Causal inference research
· Active implicit goals: run an IAT based study and let consumers assess different products from different brands on items representing implicit goals and purchase intention. Infer with Causal AI.
· Untapped implicit goals: Test perception of a product and purchase potential after showing new creative assets that are designed to speak to new untapped implicit goals. Infer with Causal AI.

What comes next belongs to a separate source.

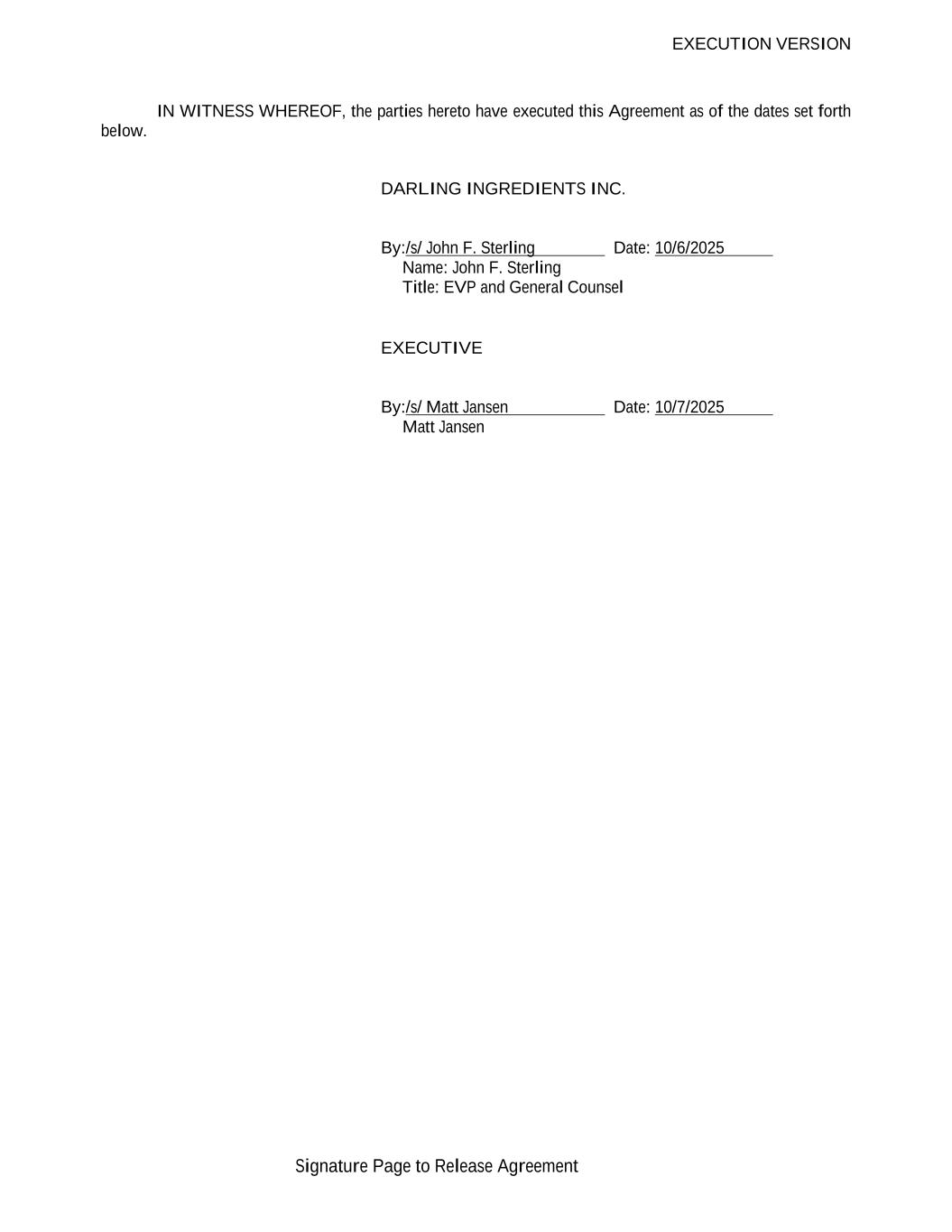 EXECUTION VERSION Signature Page to Release Agreement IN WITNESS WHEREOF, the parties hereto have executed this Agreement as of the dates set forth below. DARLING INGREDIENTS INC. By:/s/ John F. Sterling Date: 10/6/2025 Name: John F. Sterling Title: EVP and General Counsel EXECUTIVE By:/s/ Matt Jansen Date: 10/7/2025 Matt Jansen

When T-Mobile USA reinvented itself in 2013 they did exactly this: Examined qualitative research and then conducted causal driver analysis to ultimately arrive at the “uncarrier strategy” that 4x the companies revenue in the years to come.
Let me summarize:
Success in building brands does not begin with positioning or advertising but with understanding the deeper, often implicit motives that drive human behavior. Companies like Apple and T-Mobile succeeded because they recognized unmet needs. Apple addresses --the frustration with complex, unattractive technology and T-Mobile tapping into customers’ desire for autonomy and liberation from dominant carriers. These needs operate largely in the intuitive mind (System 1), which means they must be uncovered through research rather than relying on what consumers consciously say.
Frameworks such as Maslow’s motive hierarchy and behavioral “accelerators” like the seven sins help identify potential drivers behind decisions. They can be complemented with functional, live style and identity oriented implicit goals. Those can be built based on domain knowledge and qualitative research.
The strategic task for any brand is therefore to determine which human motives are most relevant, which ones remain unmet in the market, and which the brand can credibly fulfill in a way that maximizes attraction. By combining qualitative exploration, implicit measurement methods like IAT, and causal AI analysis, companies can systematically reveal the motives that truly drive choice and build strategies around them—turning deep human needs into sustainable growth opportunities.